PORSMOUTH, Va. (WVEC) -- The staffing shortage at Pasquotank prison-- which may have contributed to a deadly attempted prison break -- exists at other correctional facilities. 13News Now uncovered the Hampton Roads Regional Jail, which came under fire and under federal investigation after inmate deaths, is critically understaffed.
HRRJ takes people facing charges from five cities in our area. On any given day, it houses about 1,100 inmates. Jail leaders said the staffing shortage is so severe, there are times when one officer is supervising 120 inmates in a housing unit, which is nearly double what national guidelines recommend.
For officers at the Hampton Roads Regional Jail, the staffing shortage makes working behind bars even more challenging.
“We want to make sure these inmates are safe in our facility until they can get home to their families,” Chief of Security Capt. Thurman Barnes said. “We also have to look at staff safety. There's strength in numbers.”

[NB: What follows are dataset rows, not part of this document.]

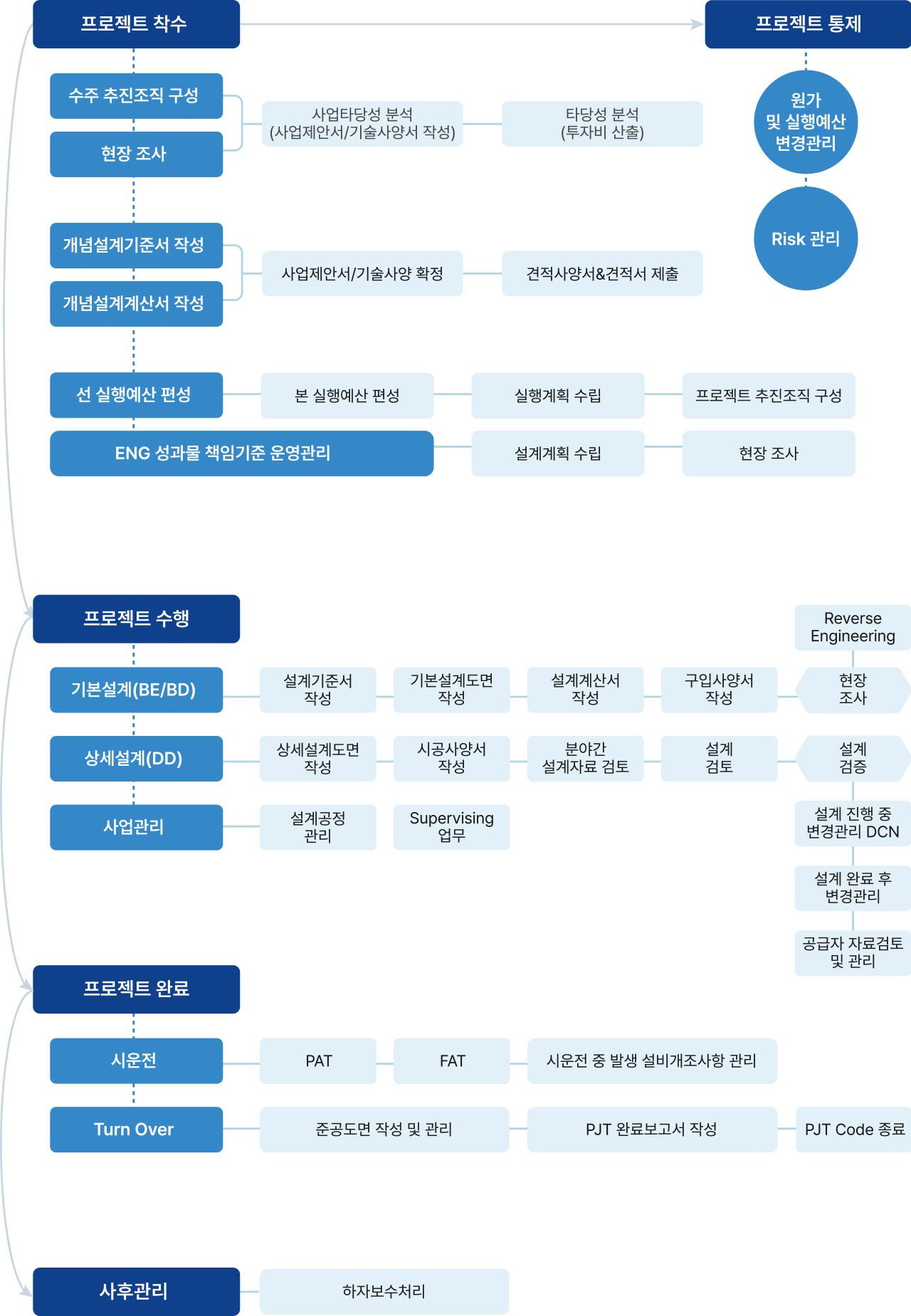 엔지니어링 사업은 평균 20년 이상 근무한 전문 기술인으로 조직된 HK 솔루션은 전문적이고 효율적인 설계를 제공합니다.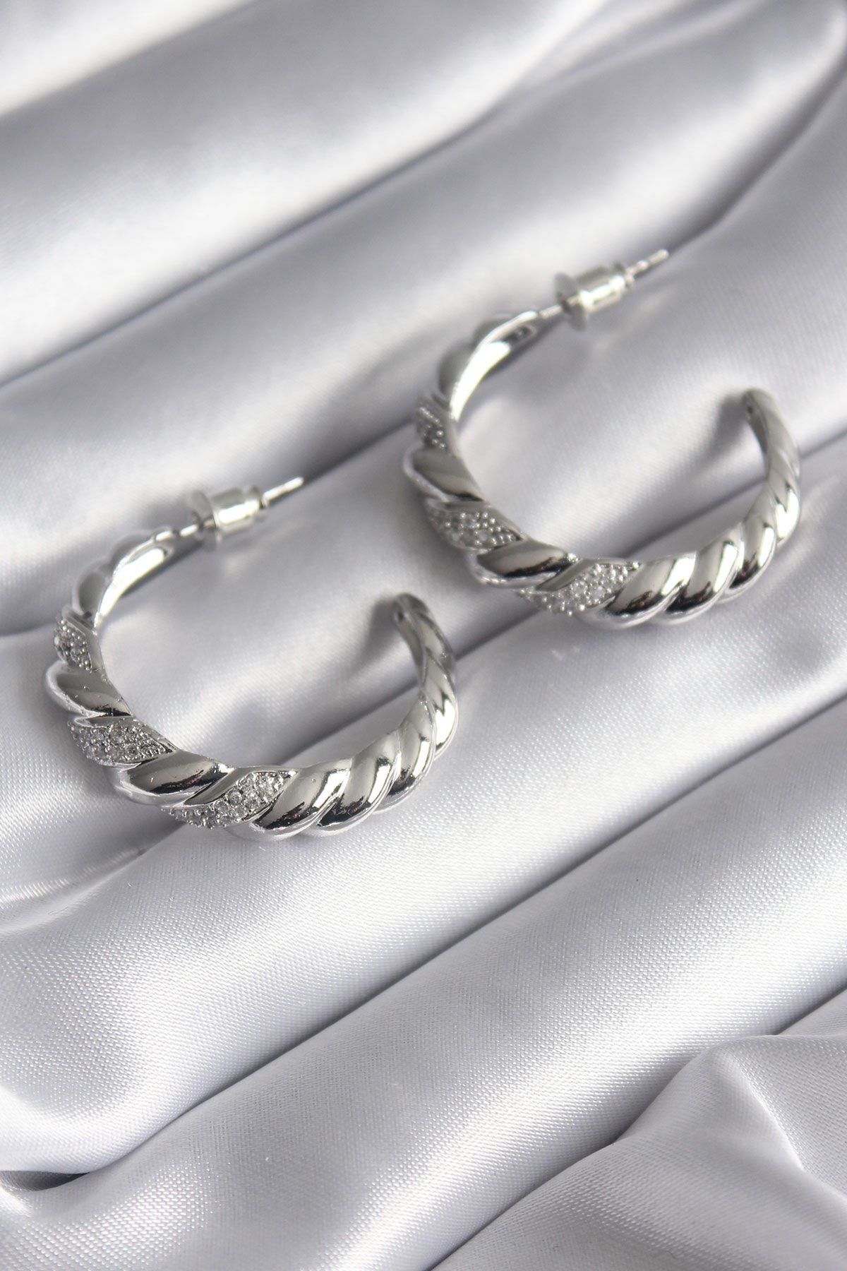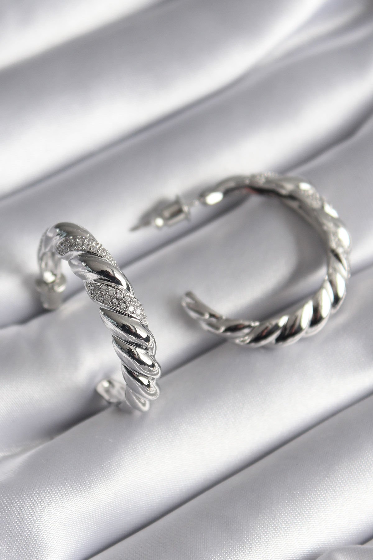 Pirinç Gümüş Renk Zirkon Taşlı Sarmal Model Kadın Küpe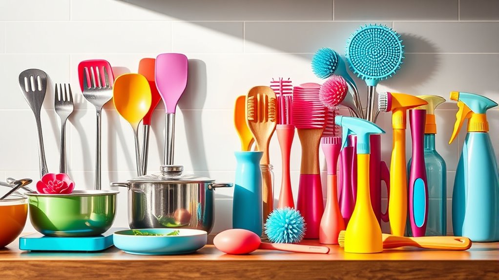If you’re looking for the best cook and cleaning kits to make kitchen tasks easier, I’ve found top options like Weiman, Cerama Bryte, and Affresh that are great for glass, ceramic, and induction surfaces. These kits include cleaners, scrapers, pads, and safety tools to tackle everything from everyday spills to tough, burned-on stains. With the right kit, you’ll keep your surfaces shining and protected. Keep exploring to find out which ones suit your needs best.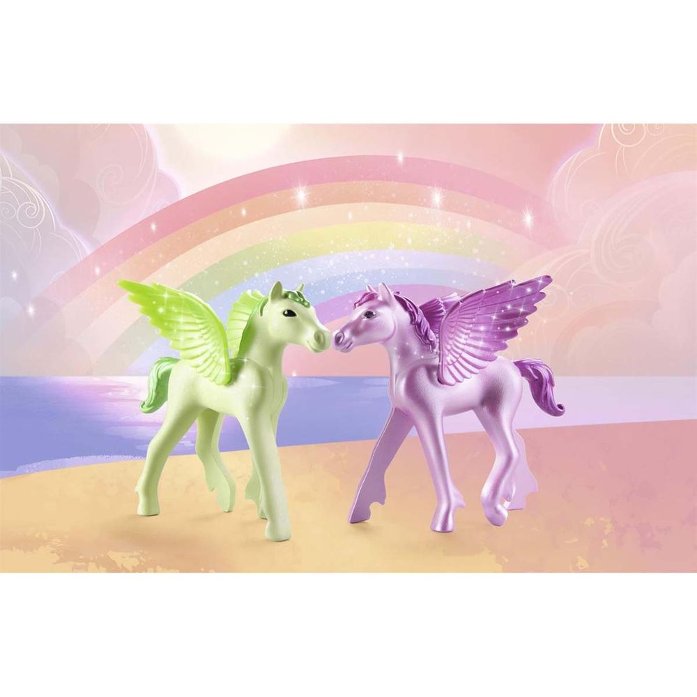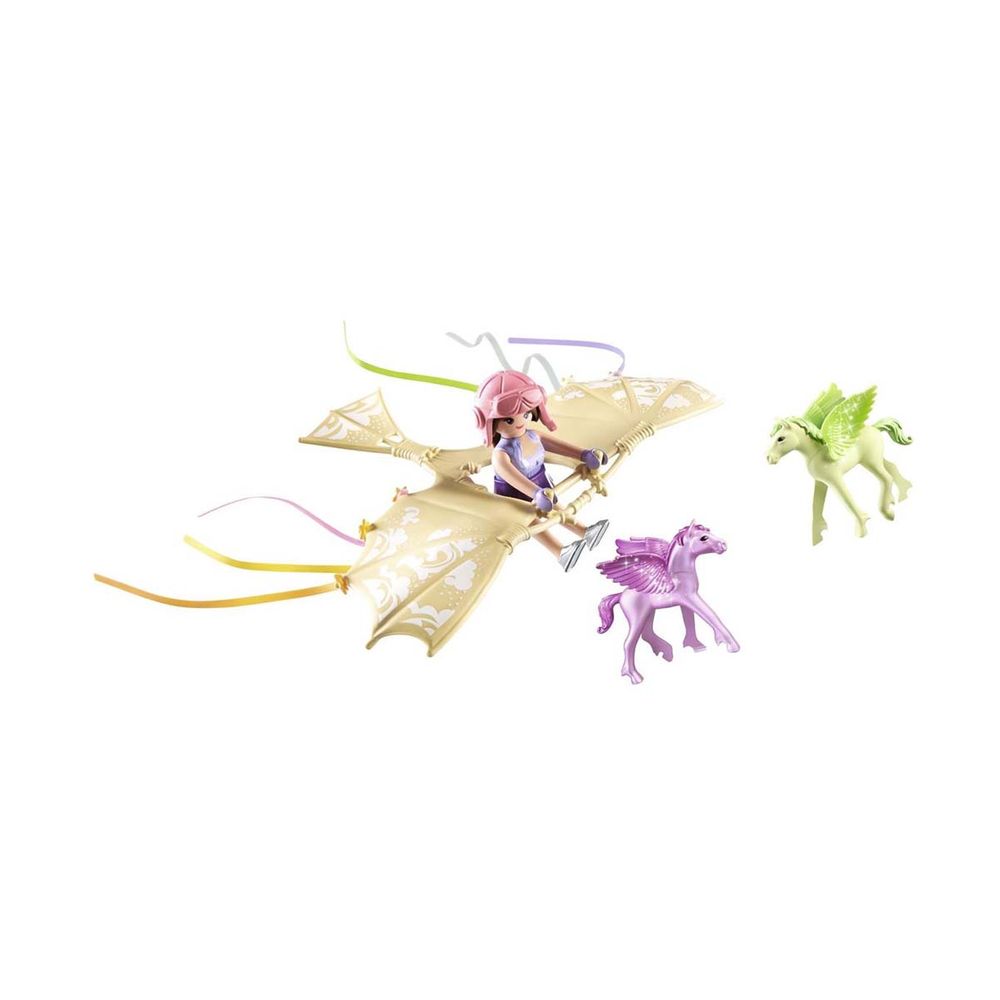 Η πριγκίπισσα του Ουράνιου Τόξου και ο πήγασος της εντυπωσιάζουν με τα ακροβατικά τους στον αέρα. Δημιούργησε τις δικές σου ιστορίες με την σειρά Princess Magic της Playmobil.\n\n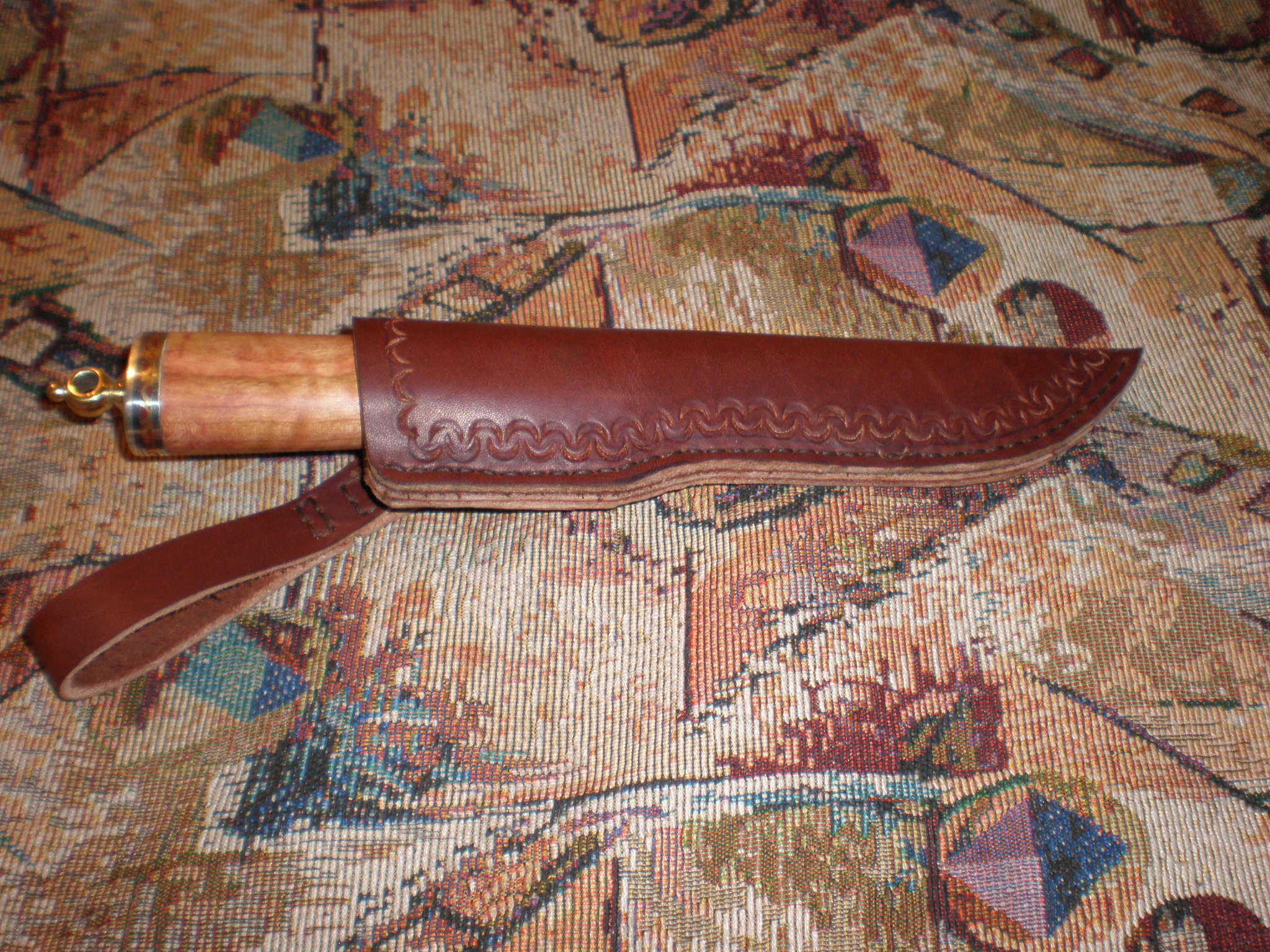 Приятный нож. Все в тему. Особенно больстер понравился. Навершие тоже, хотя и погрубее, кажется, сделано. А вообще, хорошая работа и эстетически приятная.

Barnes explained he's lost officers through attrition, retirements and resignations.
“It's a very dire situation that we get more staffing here,” he made clear.
The shortage is especially difficult at this facility because of one of its main priorities. They need enough officers to be able to give medical services to the inmates. Hampton Roads Regional Jail holds some of the area's most sensitive inmates: ones who need acute medical care or mental health services.
“It's putting patient care at risk,” said Health Services Administrator April Green, who believes this type of inmate population makes the officers' jobs even more demanding. “They have to have a higher level of vigilance to determine if somebody is going into cardiac arrest, if someone is having a seizure, if someone is beginning to have self-injurious behavior.”
Last year, officers had to take almost 350 inmates to the emergency room, which is one almost every single day.
“That means that level of vigilance in the facility may be diminished because their staff is now outside of the facility,” Green described.
For right now, jail leadership has developed work-arounds. In April of 2017, they initiated mandatory overtime. Officers are now working several more days a month and on the weekends.
“The mandatory overtime was not an option for us to make sure we have a safe facility,” Barnes expanded.
It is not a long-term fix financially to regularly pay people time and half. We've uncovered the jail pays about $70,000 a month in overtime alone.
“It's more expensive to supplement with overtime,” Barnes explained.
Also, it is not a sustainable solution.
“It does take a toll on the staff, because of the fatigue factor and it takes a toll on the morale,” Barnes said.
To actually fix this issue, jail leaders hope the Virginia General Assembly will approve a state budget amendment to increase staffing at the facility. It will be proposed this week as the session begins and lawmakers work on the budget.
The addendum asks for $2,441,753 for the next fiscal year to fund about 80 additional officer and medical positions at the facility. That increase would bring the Hampton Roads Regional Jail up to state standards.
“If it's going to keep our facility safe, that's what we're going to have to do,” Barnes added.
The mayors of the five cities, which send inmates to the jail, also signed a letter to lawmakers. It urged them to pass the amendment to "improve the safety of the facility."